JAMIE QUATRO’s debut collection, I Want To Show You More, is a New York Times Notable Book, NPR Best Book of 2013, Indie Next pick, O, The Oprah Magazine Summer Reading pick, and New York Times Editors’ Choice. Longlisted for the Frank O’Connor International Short Story Award, the collection was named a Top 10 Book of 2013 by Dwight Garner in the New York Times and a Favorite Book of 2013 by James Wood in The New Yorker. The collection was a finalist for the Los Angeles Times Art Seidenbaum Award for First Fiction, the Georgia Townsend Fiction Prize, and the National Book Critics Circle John Leonard Prize. A second collection and novel are forthcoming from Grove Atlantic.


PAT RIVIERE-SEEL is poet, a runner, a woman who has lived long enough to have “past” and “former” prefixes for more jobs and volunteer positions than she can name without looking at a resume. She is a co-editor of the anthology Kakalak and the author of two prize-winning poetry chapbooks: No Turning Back Now and The Serial Killer’s Daughter, winner of the Roanoke-Chowan Award. Her most recent poetry collection, Nothing Below but Air, was a semifinalist for the Thomas Wolfe Memorial Literary Award. The Serial Killer’s Daughter has been turned into a one act play and performed by Shared Radiance Theatre. Pat has taught in UNC Asheville’s Great Smokies Writing Program, and in 2012 she held a unique position as poet-in-residence at the NC Zoo.  Before earning her MFA from Queens University of Charlotte, she worked as a newspaper journalist, publicist, and lobbyist. She lives in Asheville, NC.
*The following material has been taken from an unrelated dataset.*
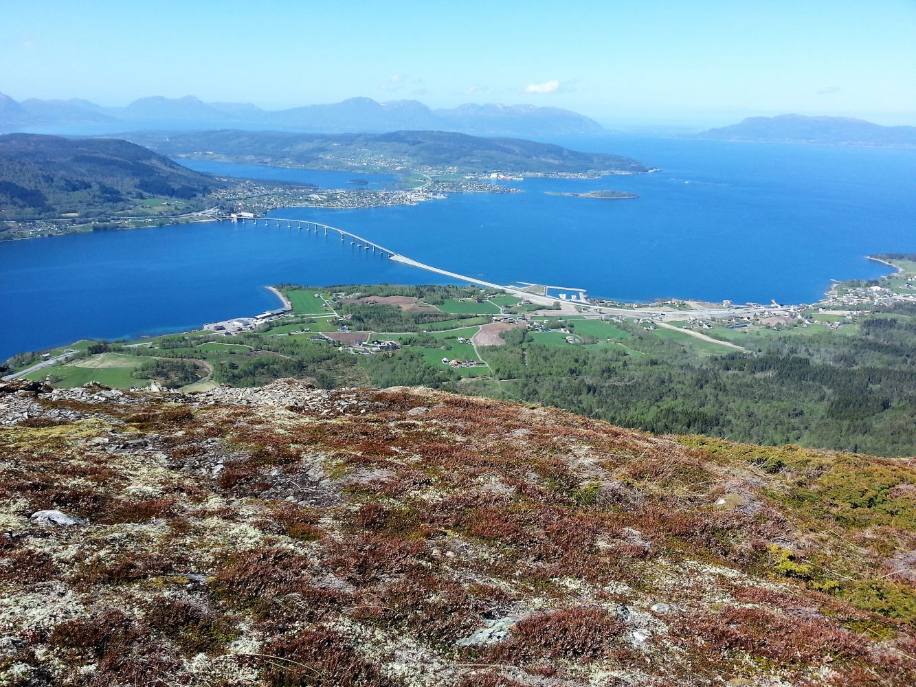 Fantastisk utsikt med 360 grader rundskue. Utsikt til Molde i nord, videre Sekken, Langfjorden og «Raumafjella i aust. Tresfjord, Skorgevik, Vestnes, Tresfjordbrua og Julsundet med øyene i vest.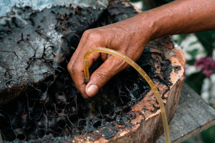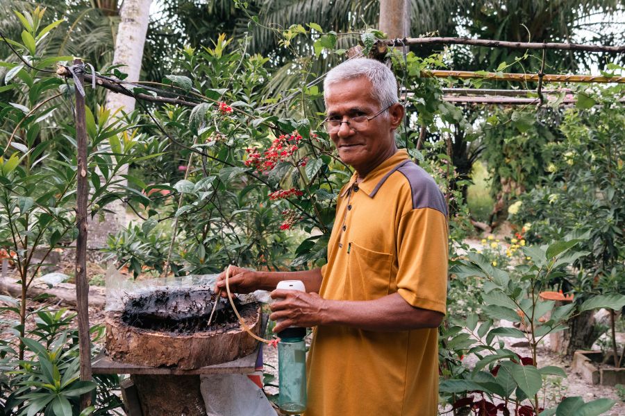 A une quarantaine de kilomètres plus au nord, le village de Lubuk Kertang détient également une histoire de résilience au cœur de la mangrove. Nous sommes accueillis par Zul, chef de village, et Ali, apiculteur, qui nous emmènent dans un petit jardin luxuriant et savamment aménagé. « Quand nous étions plus jeunes, le village était cerclé par la mangrove et regorgeait d’abeilles », racontent-ils. « Mais depuis 2006, presque toutes les forêts ont été converties en cultures de palmiers à huile, et les abeilles ont complètement disparu. » Profondément désorienté par la perte du paysage de son enfance, Zul décide de s’engager, en 2017, dans le projet de restauration de la mangrove conduit par Yagasu. En parallèle, il réfléchit à un moyen de faire revenir les abeilles perdues pour que sa communauté puisse bénéficier à nouveau de leur miel. En utilisant une souche morte de palétuvier, il crée les conditions pour qu’une ruche s’y établisse, et plante, aux portes de sa maison, un jardin riche en biodiversité végétale. Ali, l’apiculteur, se charge alors de recueillir une reine au sein de la mangrove voisine. Le reste de la colonie ne tarde pas à la suivre. Ainsi naît la première ruche de Lubuk Kertang depuis plus de quinze ans. Si, pour l’heure, le miel produit est issu des fleurs du jardin de Zul, l’ambition est bel et bien de transplanter cet écrin floral au sein de la mangrove régénérée à proximité du village. Parce que les palétuviers ne fleurissent qu’une ou deux fois par an, selon leur essence, les fleurs du jardin permettront aux abeilles de rester sédentaires et de ne pas aller chercher plus loin leur nectar, tout en pollinisant les fleurs d’Avicennia et de Rhizophora lorsqu’elles apparaissent, en février, en juin et en octobre. « La mangrove est source de vie », rappelle Zul, « mais aussi de revenus économiques pour nos communautés. » Aujourd’hui, le miel récolté par Ali est vendu au sein des petites échoppes de Lubuk Kertang. Demain, le village espère que les abeilles pourront retrouver un foyer durable au cœur de la mangrove.

SUE WEAVER-DUNLAP was born and raised in Knoxville, Tennessee, and now lives deep in the Southern Appalachian Mountains near Walland, Tennessee, where she and her husband live on and work a mountain cattle farm. Here, among the turkeys, deer, pets, and Angus cattle, she writes poetry, fiction, and memoir. Dunlap holds an undergraduate degree from the University of Tennessee and advanced degrees from Lincoln Memorial University. She recently retired from teaching high school English. Her poems and prose have appeared in Appalachian Journal, Anthology of Appalachian Writers, Appalachian Heritage, Still: The Journal, and Southern Poetry Anthology, among other anthologies and journals. Dunlap’s new collection of poetry is entitled Knead. Her chapbook The Story Tender was released by Finishing Line Press in 2014.


PAUL WORLEY is a poet and the author of Telling and Being Told: Storytelling and Cultural Control in Contemporary Mexican andYukatek Maya Literatures. He is a professor of English at Western Carolina University with research interests in contemporary Latin American literatures and cultures, indigenous rights movements in Latin America, Postcolonial Theory, Subaltern Studies, and Digital Humanities.